- Task description -
A verbatim copy is needed of the lines below from the one containing "Niharendu Sikhar indiai" up to and including the one containing "Leather Power Recliner", excluding pictures.

- Given information -
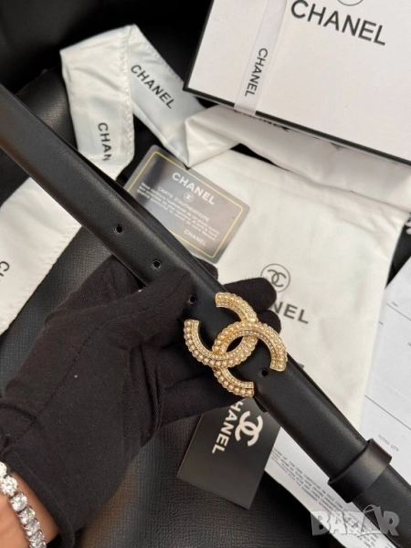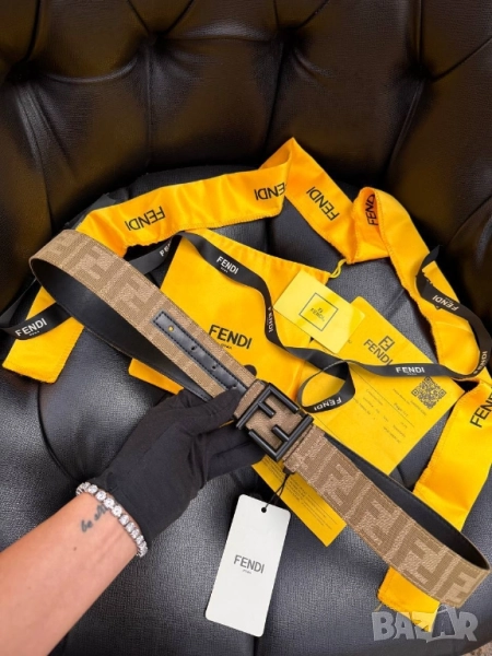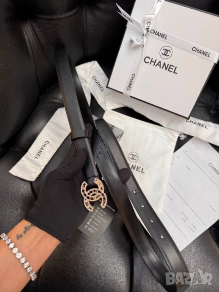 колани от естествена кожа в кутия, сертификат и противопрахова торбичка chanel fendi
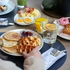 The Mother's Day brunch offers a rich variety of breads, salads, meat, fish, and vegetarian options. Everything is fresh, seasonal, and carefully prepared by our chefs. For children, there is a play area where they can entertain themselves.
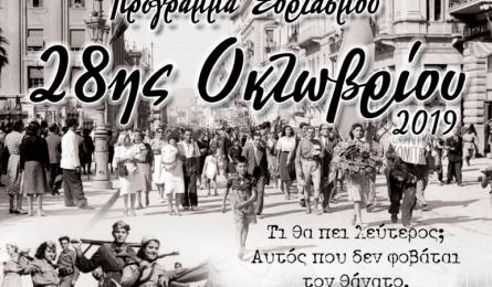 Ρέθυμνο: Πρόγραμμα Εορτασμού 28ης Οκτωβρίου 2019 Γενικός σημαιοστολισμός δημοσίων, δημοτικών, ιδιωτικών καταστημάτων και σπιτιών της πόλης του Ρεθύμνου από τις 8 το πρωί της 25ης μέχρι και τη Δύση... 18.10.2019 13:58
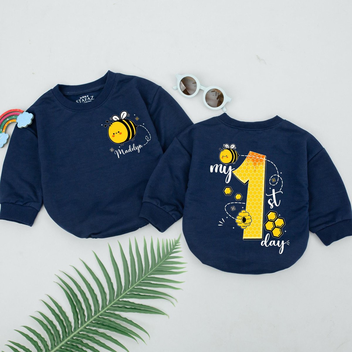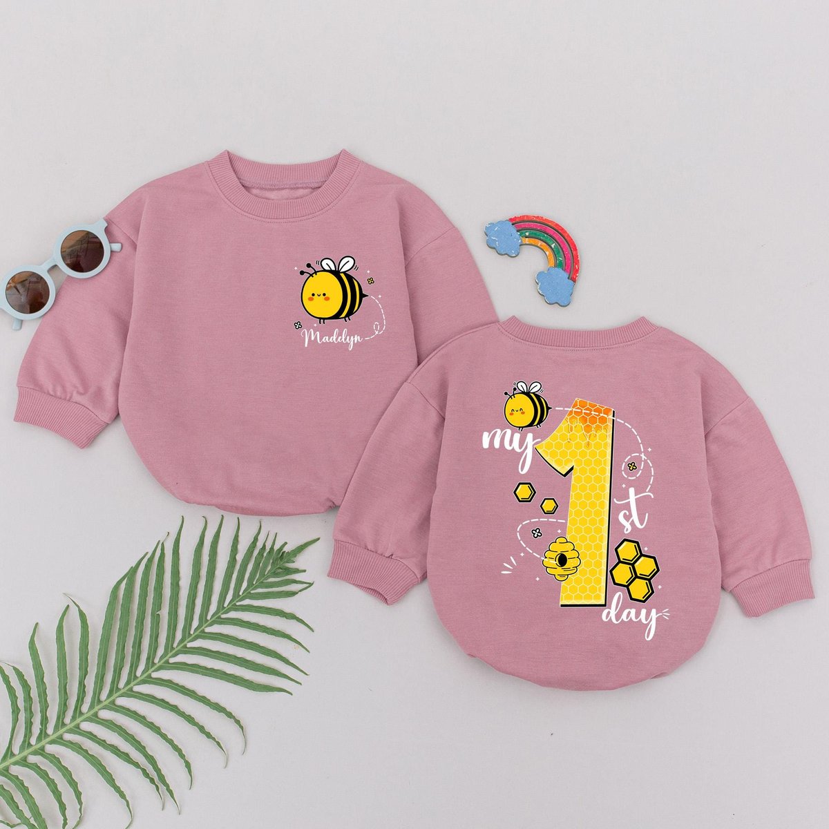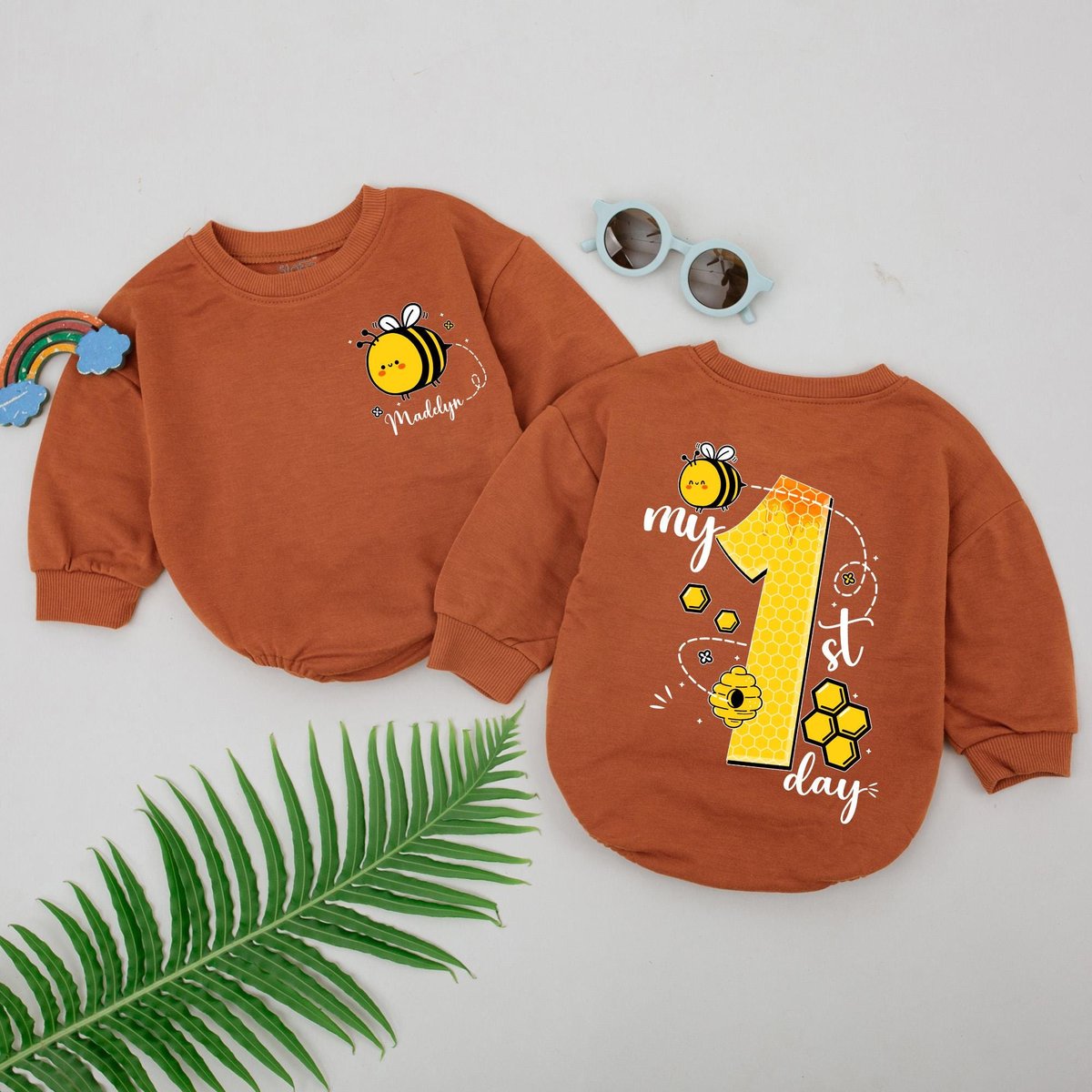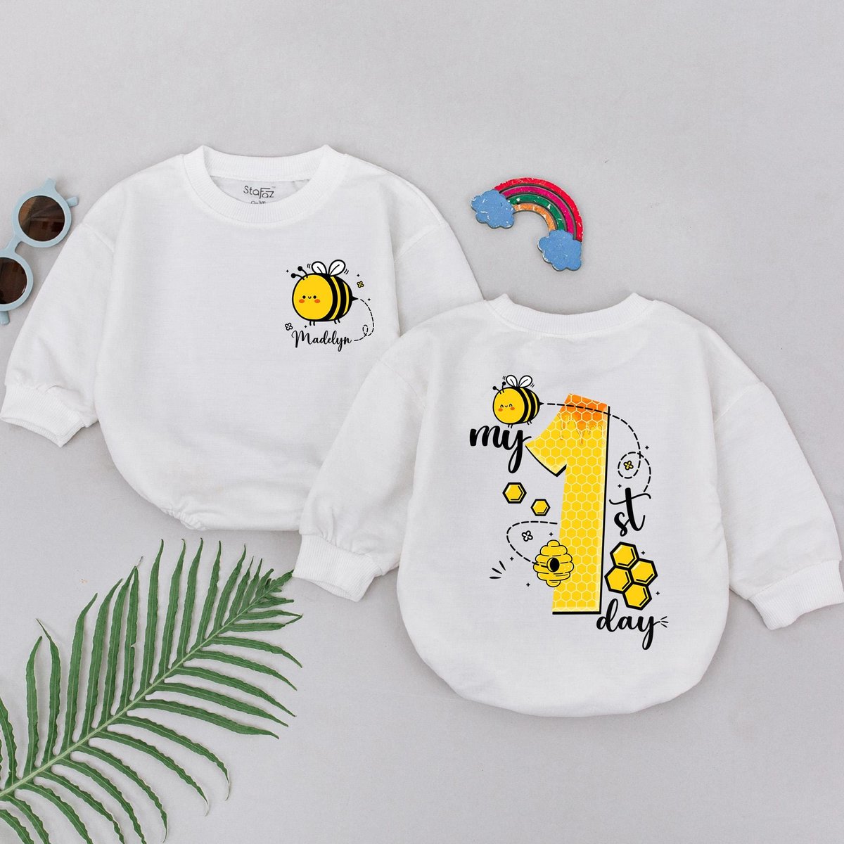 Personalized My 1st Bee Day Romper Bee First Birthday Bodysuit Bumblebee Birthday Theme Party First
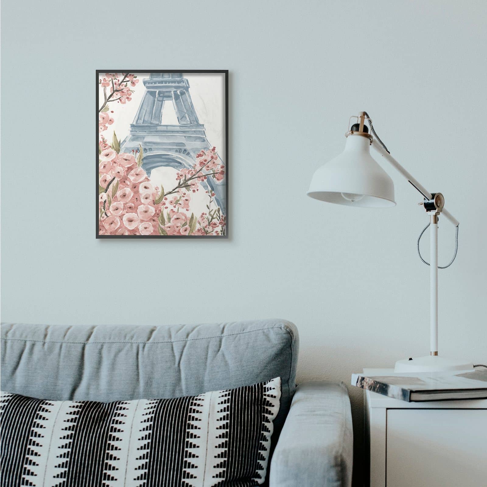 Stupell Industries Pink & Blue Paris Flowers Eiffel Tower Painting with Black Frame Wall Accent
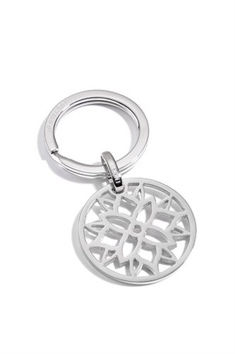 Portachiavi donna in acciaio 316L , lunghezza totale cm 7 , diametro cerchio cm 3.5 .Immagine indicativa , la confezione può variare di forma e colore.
...
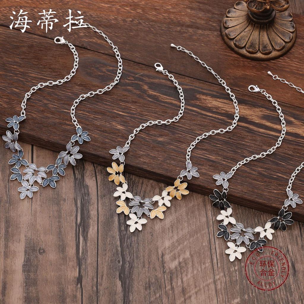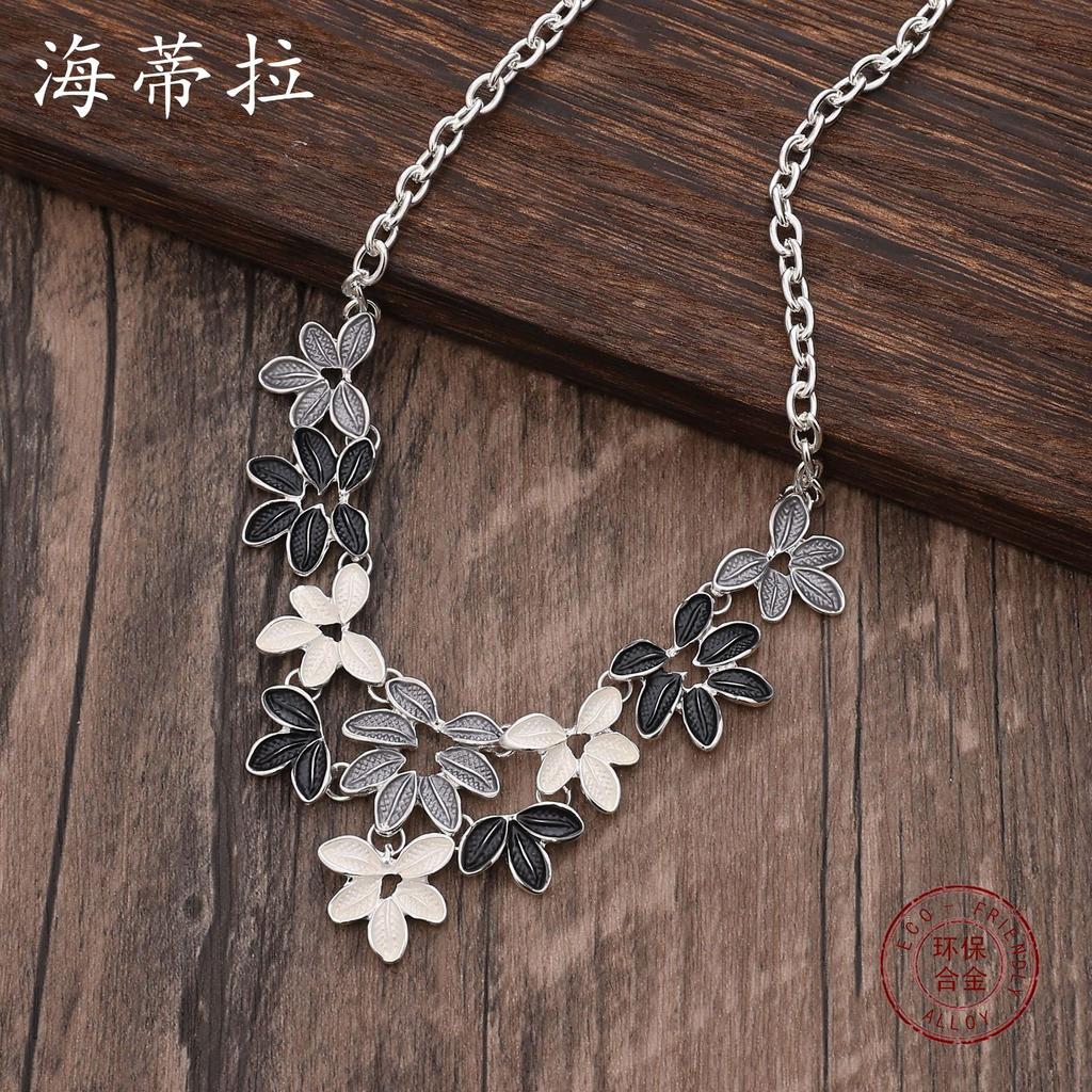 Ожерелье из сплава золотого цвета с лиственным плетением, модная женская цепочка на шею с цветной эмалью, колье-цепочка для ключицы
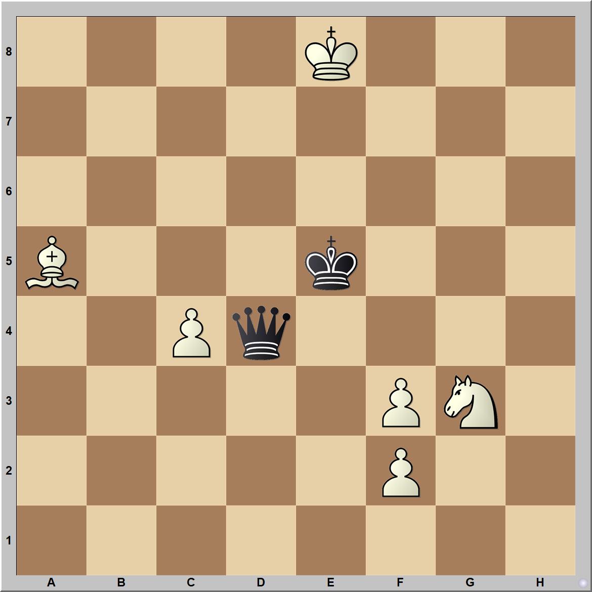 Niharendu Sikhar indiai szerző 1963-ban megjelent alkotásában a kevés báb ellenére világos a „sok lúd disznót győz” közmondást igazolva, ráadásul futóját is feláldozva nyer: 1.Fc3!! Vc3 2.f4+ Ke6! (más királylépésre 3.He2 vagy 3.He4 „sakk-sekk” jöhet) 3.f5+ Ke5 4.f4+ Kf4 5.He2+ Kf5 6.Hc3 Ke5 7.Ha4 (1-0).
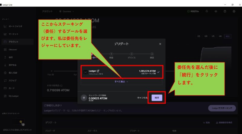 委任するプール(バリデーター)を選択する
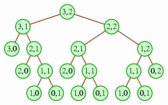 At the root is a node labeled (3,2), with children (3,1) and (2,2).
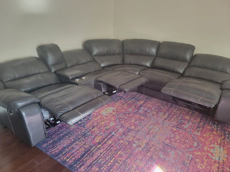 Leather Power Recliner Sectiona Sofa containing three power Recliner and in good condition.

- Written answer -
 Niharendu Sikhar indiai szerző 1963-ban megjelent alkotásában a kevés báb ellenére világos a „sok lúd disznót győz” közmondást igazolva, ráadásul futóját is feláldozva nyer: 1.Fc3!! Vc3 2.f4+ Ke6! (más királylépésre 3.He2 vagy 3.He4 „sakk-sekk” jöhet) 3.f5+ Ke5 4.f4+ Kf4 5.He2+ Kf5 6.Hc3 Ke5 7.Ha4 (1-0).
 委任するプール(バリデーター)を選択する
 At the root is a node labeled (3,2), with children (3,1) and (2,2).
 Leather Power Recliner Sectiona Sofa containing three power Recliner and in good condition.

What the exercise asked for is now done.